Should the data set be centered before subjecting it to refine2d.py?
No. The only impact centering will have is on the quality of the 'bootstrap' averages (iter.1.img). If they are roughly centered, the impact will be negligible. Even if there is impact on the first set of averages, after a few iterations, this would be eliminated. So, basically, no, they don't need to be precentered, and it's possible (depending on the precentering method) that precentering would actually have a negative effect.
In my case the results of refine2d.py (iter.final.img) has many averages in it that are definitely off center. Does this matter?
While it doesn't really 'matter', it shouldn't be happening, as there is a centering procedure as part of the iterative refinement loop. There are two possible problems here. First, are you using EMAN 1.8 or newer ? One of the major improvements in EMAN 1.8 was a more robust refine2d.py. Second, if your images are negative (ie protein appears black rather than white), the centering routine may not work properly. If neither of these issues is happening in your case, I may need to see the results to identify the problem.
In retrospect I was using EMAN 1.7. I updated to 1.8 and have since not had the same problem.

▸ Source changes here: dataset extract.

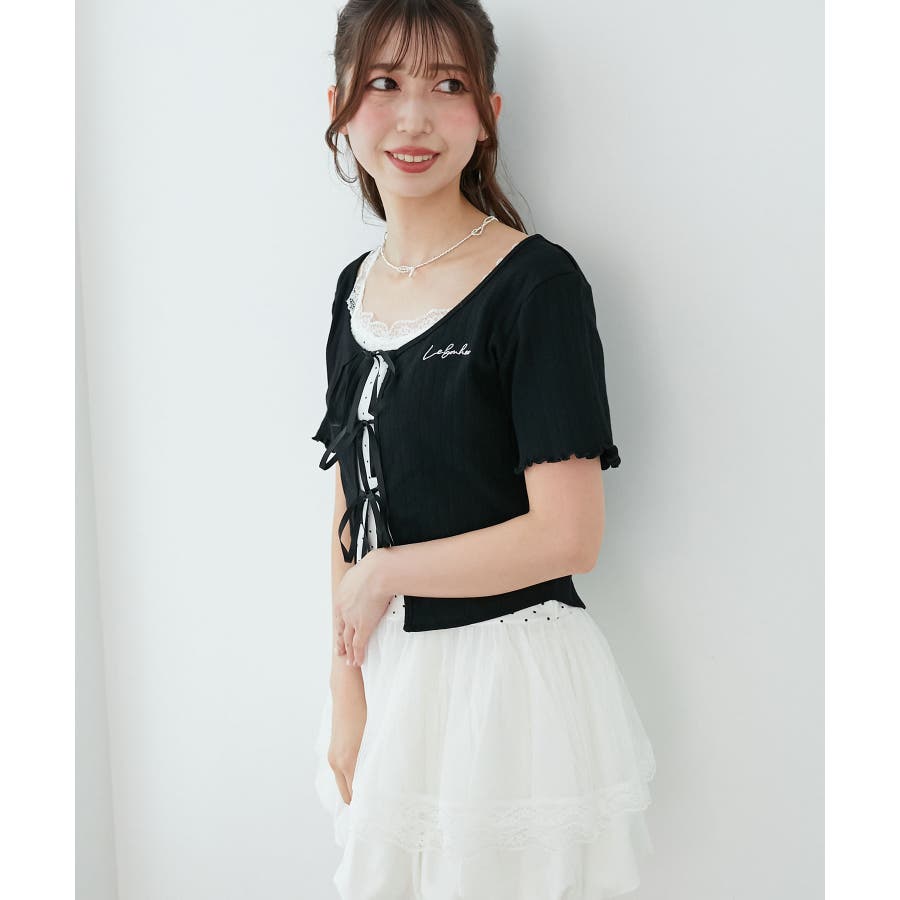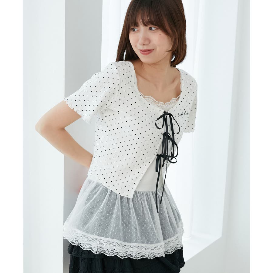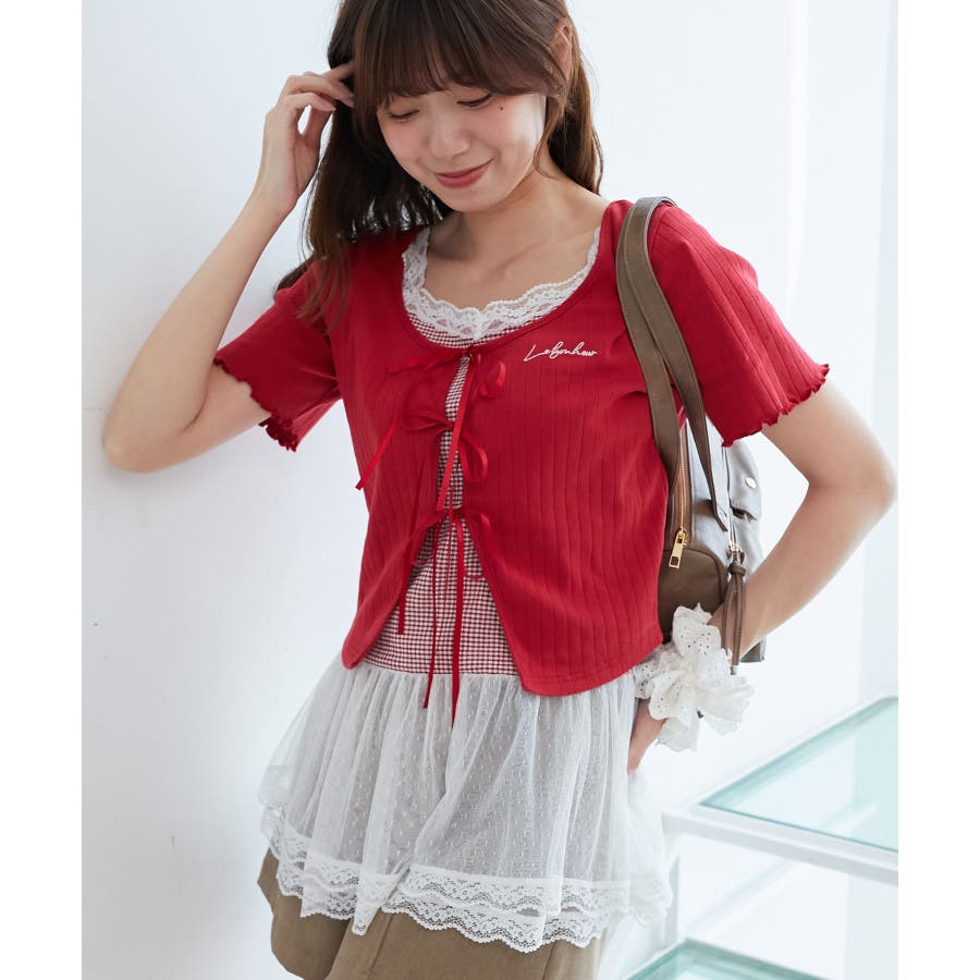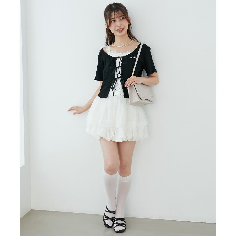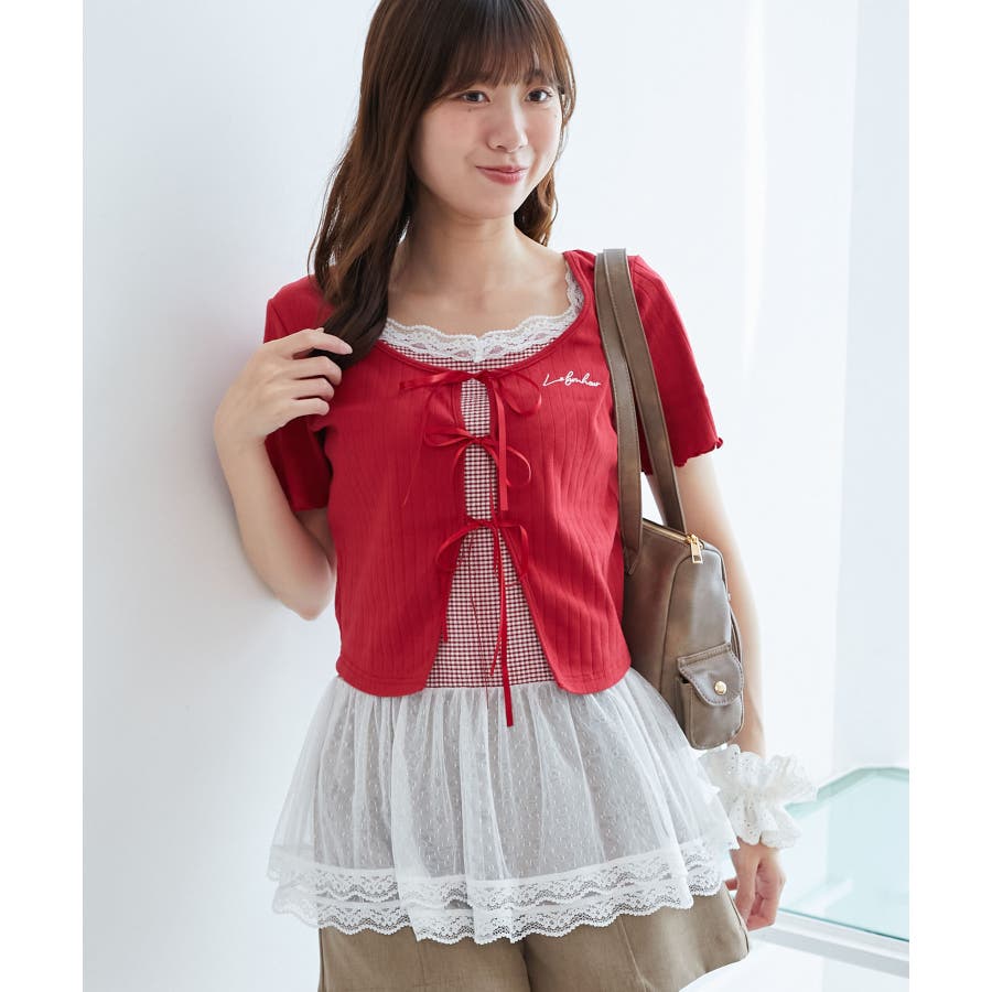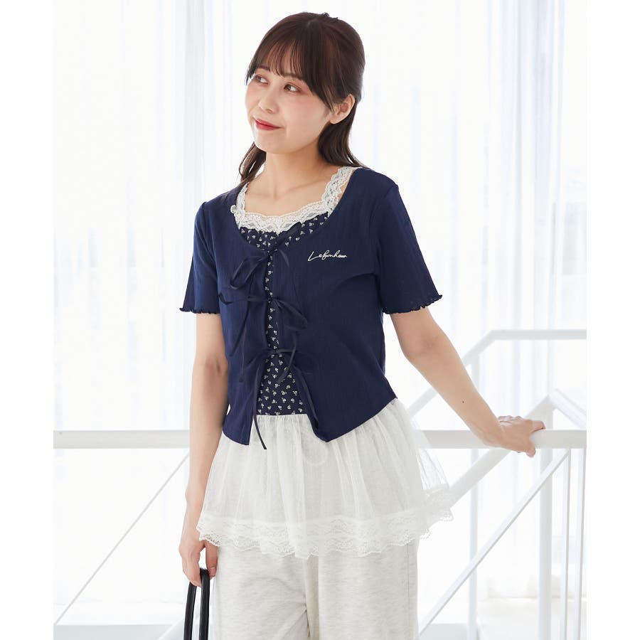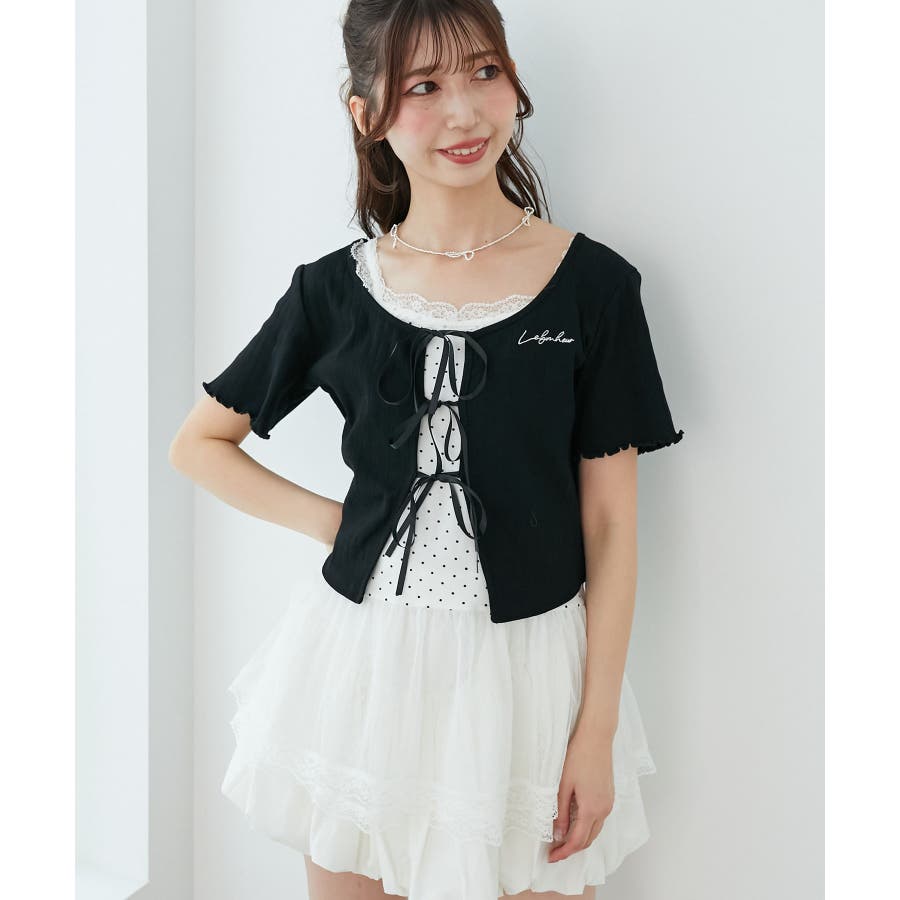 | 素材 | 【カーディガン】本体/綿100% 刺しゅう糸/ポリエステル100% リボン/ポリエステル100% 【キャミソール】[オフベース]本体/綿94% ポリエステル6% チュール/ポリエステル100% レース/ナイロン90% ポリウレタン10% [レッド柄]本体/綿90% ポリエステル10% チュール/ポリエステル100% レース/ナイロン90% ポリウレタン10% |
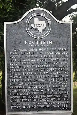 In 1848, Valentine Hoch, a German immigrant from the disputed Alsace-Lorraine region, traveled to the rolling hills near the lower Guadalupe River with his son, after arriving in America at the port of Indianola, Texas. Upon arrival to the hills, Hoch remarked: "Here we shall build our home." Construction of the home soon began from the stones at the Guadalupe River bed, and was completed several years thereafter. Others with surnames that included Crawford, Helms, Humphrey, Steen, Morrisse, Times, and Schwab, began to build homes and establish businesses in the area; soon the community of Hochheim was established.[3] The name could be translated to mean "Hoch's home" for the earliest settler, or "High home" for the fact that Hoch constructed his home on a hill. Townspeople also referred to the settlement as "Dutchtown".[4]

I have had a similar problem. It only occurs with one of two similar data sets, and I am using v1.8 (although typing 'refine2d.py --version' gives EMAN2 v1.9). Some of the iter.# and iter.final classes are very badly off centre. Both data sets were roughly centred first (using alignment to rot-av total sums in IMAGIC). Do you think it is affecting the alignment, and if so, do you have any suggestions to counter this?